A Belgian investment company has launched legal action against Dexia and its chief executive, arguing the Franco-Belgian financial group misled investors before its state bailout in October.

Lynx Capital bought 5,350 Dexia shares on Sept 5 for prices varying from 1.358 to 1.478 euros, according to lawyer Robert Wtterwulghe.

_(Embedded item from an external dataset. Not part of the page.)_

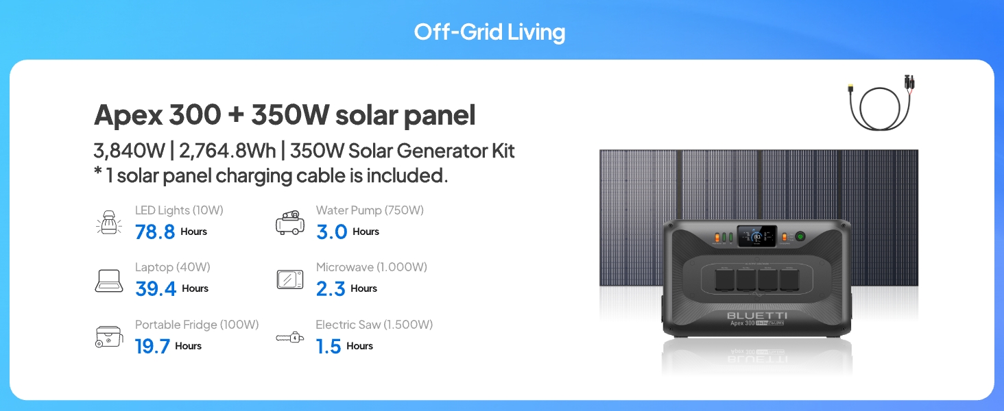 [Blazing Solar Charge] - BLUETTI Apex 300 achieves 2400W solar input with dual MPPT, charging to 80% in 40min at full power. Avec jusqu'à 4 000 W d'entrée solaire, l'Apex 300 vous aide à réduire rapidement vos factures d'électricité - suffisamment pour s'amortir en seulement 2 ans. Ensuite, toutes les économies sont pour vous 1 EnerBalance Al Mil-Grade 2 Smart Storage Manager 3 Module FlexPower Évolutif 4 Batterie Solaire ROI Max Works with 350W panels., Industry-best efficiency. Autonomie 3x pour routeurs, lumières et veille à capacité égale. [Efficacité Record] - L'Apex 300 ne perd que 20W à vide (record mondial), avec 200% d'efficacité en plus. Quelles méthodes de recharge prend en charge l'Apex 300? Sources d’alimentation multiples compatibles: Recharge secteur (AC), Recharge solaire, Recharge voiture (via Chargeur 1), Recharge groupe électrogène, Recharge hybride (AC + Solaire simultanés). Générateur Électrique BLUETTI AC200P Avec 2 Panneaux Solaires MP200 Generateur 2000wh Avec 2 Panneaux Solaires 200w Pour Camping Urgence Maison 87405256 Les 4 prises CA de l'Apex 300 alimentent fours et clims de camping-car. Quelles innovations technologiques possède l'Apex 300? L'Apex 300 améliore l'AC300/500 avec un système automatisé, contrôle intelligent via l'app BLUETTI, mises à jour instantanées et extension rapide de capacité. [Plug & Play Direct] - Branchez et utilisez instantanément vos appareils ! Découvrez le pack Apex 300 B300K 2 x 350 W, la solution d'alimentation évolutive par excellence. Sa batterie LiFePO₄ révolutionnaire d'une durée de vie de 17 ans garantit des décennies de fiabilité Générateur Solaire BLUETTI Générateur Électrique Apex 300 & B300K (Nouveau 2025), 5529,6Wh Batterie LFP Avec 4 Prises CA 3840W (7680W Surge), Alimentation Modulaire Pour Maison, Camping-car Et Urgences Generateur Electrique Quelles fonctions peuvent être configurées via l'application? Contrôle à distance, surveillance puissance/capacité en temps réel, changement de mode, mises à jour OTA, gestion multi-appareils (Apex 300, B300K, Hub A1), diagnostic batterie et réglage précis de l'alimentation.

Dexia's shares have subsequently fallen to 0.33 euros.

In its deposition, the company says that Dexia Chief Executive Pierre Mariani and Chairman Jean-Luc Dehaene issued a series of reassuring statements about the group's financial health in the period up to Sept 2011.

But after the October bailout, Dehaene recalled arriving with Mariani to take charge of the group after a first rescue in 2008 to be told by Mariani that Dexia was 'not a bank, but a hedge fund'.

Wtterwulghe said this statement made it clear that Mariani knew from October 2008 that Dexia's position was precarious and that his subsequent reassurances were unfounded.

Dexia declined to comment.

Wtterwulghe said it was likely the Brussels commercial court would set an initial hearing at the end of January, with the case itself starting in May or June.

Dexia was rescued by Belgium, France and Luxembourg in October, with the three states providing guarantees for its borrowings and Belgium nationalising its Belgian banking activities.

The group is in the process of selling its businesses and will be left as a 'bad bank' holding bonds.